Reversion upon Termination Clause Samples

Reversion upon Termination. All of Landlord's rights, benefits and privileges with respect to the Management Agreement shall be vested in Tenant throughout the Term of this Lease; provided, however, that upon termination of this Lease, for whatever reason, all of Landlord's rights, benefits and privileges under the Management Agreement shall automatically revert to Landlord without the necessity of any action on the part of Landlord hereunder.
Reversion upon Termination. Notwithstanding any Plan provision or section 1.401(a)-2 of the Income Tax Regulations, upon termination of the Plan, amounts contributed to the Plan that exceed the limitations imposed under section 415(c) of the Code, to the extent set forth in rules prescribed by the Commissioner shall revert to the Employer.

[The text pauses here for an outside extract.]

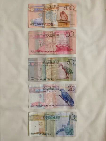 重要提示:1元人民币约等于2塞舌尔卢比。在塞舌尔,卢比、欧元、美金通用。最划算的方式是对方要求你给什么钱,你就给什么钱。如果你要换成另一种钱给,在换算时汇率一定是对你不利的。比如,船票订单上写的是卢比价格,你要给欧元,汇率会远远低于银行牌价。如果酒店订单上写的是欧元价格,你要给卢比,那汇率肯定远远高于银行牌价。所以,一定要通过订单,一开始就明确要给什么钱,对每种钱需要的数量大概有数,不要到时候换来换去,会因为汇差损失不少。一般来说,酒店、租车、跟旅行社的跳岛游付欧元;其他的,比如船票、打车、饭馆、当地购物等,都用卢比。

Reversion upon Termination. Upon termination of this Agreement: a. all rights and obligations granted, assigned, conveyed, or transferred under this Agreement will automatically and immediately terminate; b. all rights granted to Assignee in, to, and under the Assigned Intellectual Property will automatically and immediately revert back to Assignor; and c. the PCA shall automatically and immediately terminate. Upon termination of this Agreement, Assignee agrees to, and irrevocably does, assign, transfer, convey, deliver, and set over to Assignor, and its successors, assigns, and other legal representatives, all of Assignee’s right, title, and interest in, to, and under the Assigned Intellectual Property. Upon termination of this Agreement, Assignee agrees to assist Assignor in the preparation and execution of all documents necessary to perfect ownership transfer of the Assigned Intellectual Property from Assignee to Assignor, including execution of the Confirmatory Intellectual Property Assignment attached as Appendix 5.

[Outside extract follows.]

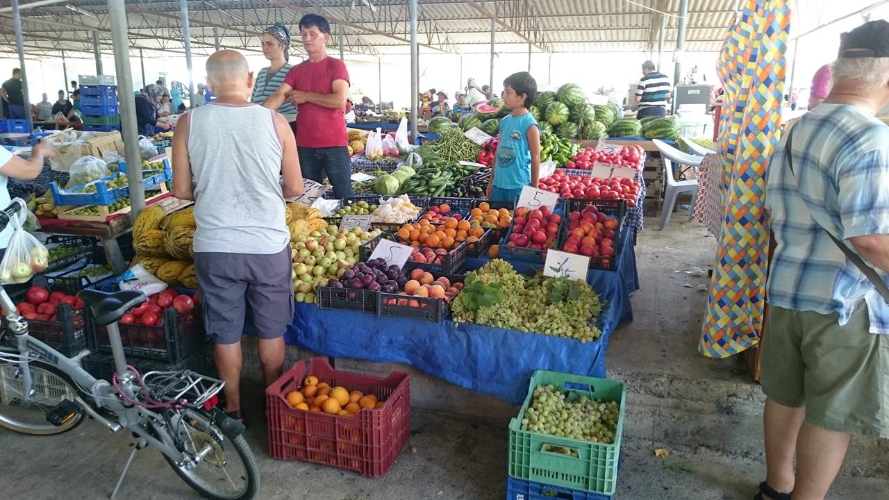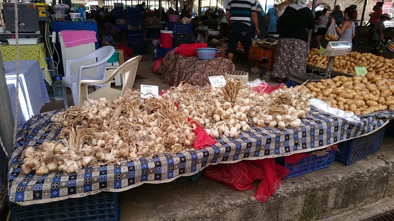 Som tur var fann vi en traditionell söndagsmarknad här i Göcek, förutom massa kläder etc., så hade det mängder med härliga grönsaker och frukter till mycket bra priser.

Reversion upon Termination. Upon termination of the Term Assignment as set forth herein, the Leasehold Interests not included to a Governmental Proration Unit will revert to Next Bridge. Participant shall warrant the interest to revert to Next Bridge per the terms of the Term Assignment to be free and clear of all liens, claims, clouds, and encumbrances caused, suffered or created by, through or under Participant, except those created in the ordinary course of business and routinely expected and accepted in the oil and gas industry generally.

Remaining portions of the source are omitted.